Kenneth Lonergan”s portrait of New York is the most genuine that I have ever seen. It is neither worshipful (as Woody Allen”s films often are) or dismissive (see “Carnage”). It is akin to our very best friend, the one that sees and loves us in the full scope of our virtues and frailties and does not shy from telling us the truth, from holding up a mirror to expose our nature so we can face it, as adults, rather than allowing us to remain in a willfully adolescent state.

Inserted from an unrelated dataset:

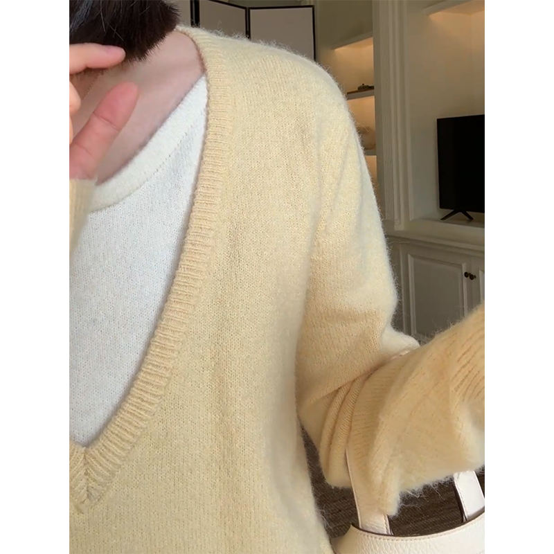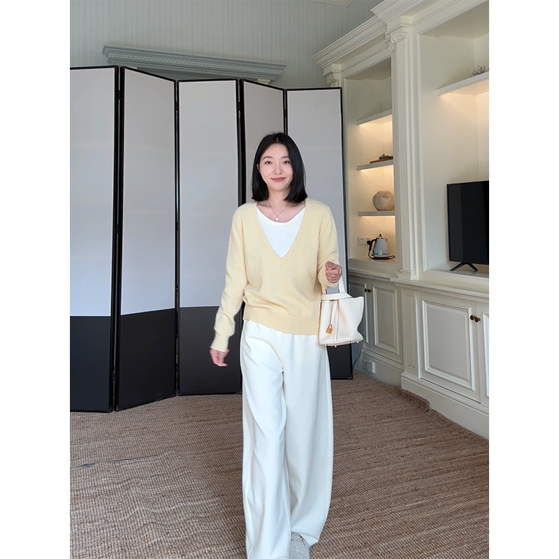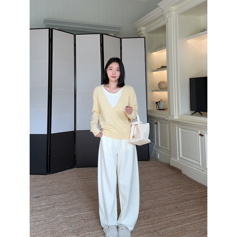 长裤 郭九九呢 温柔风简约假两件撞色宽松毛衣秋冬上衣休闲弯刀裤

Lonergan”s own turn as Lisa”s New Yorker cum Angelino father is a brutally honest picture of a well-intentioned but deeply selfish man, a man who is convinced of the justifications for his absentee parenting and reprehensibly inconsistent behavior. Lisa”s desire to right a wrong that cannot be undone is tragically untenable. It is adult in context (the scale and consequences of her error) and childish in practice (the path she takes in her reckoning). She hopes to reset the world to a moment when it makes sense, to shake off the guilt of her own culpability and clarify the confusion of the moral gray by finding a simple clear target to eliminate.

She latches onto what appears to be an achievable goal, and of course, paradoxically, the more insurmountable the prize becomes the more determined Lisa becomes to have it. She will do near anything to correct the uncorrectable, to assuage her shame, to sooth her sorrow and to find meaning in any manner of “justice” she can cling to. And yet it is ever unattainable, for her loss is her innocence, and it is the end of her untainted vision of herself that she truly grieves for.

How horrifically gorgeous a story this is, set against the backdrop of a city attempting to reconcile itself with the causes and consequences of 9/11. As a character study, the film is incomparable. As a metaphor, it continues to provide. “Margaret” goes beyond the limited scope of “a slice of life” to, without force, express a truth about the macro via the experience of the micro.

The film also represents the finest performance its lead has given since her Academy Award-winning cinematic debut as young Flora McGrath in Jane Campion”s “The Piano.” The roles are also oddly similar, both characters full of precocious mischief, burdened by parents who are in some ways themselves children, full of the subsequent rage that such conditions inspire, agonizingly young and dangerously self-centered. In self-serving pursuits they each make choices that reap irreversible consequences (though Lisa”s more so). They are each narcissists surrounded by narcissists, attempting to find their way to connection.

How frighteningly relatable is that?

If you are a Los Angeles local, I cannot recommend enough that you take the time (it is a two-and-half-hour commitment) to see this film at this very rare screening. This is a free event and open to the public. You can register for your tickets on the USC site. Please do so, and then give us your take on “Margaret.”

And if you’re not an LA local, I can only hope you have the chance to experience the film, sooner rather than later.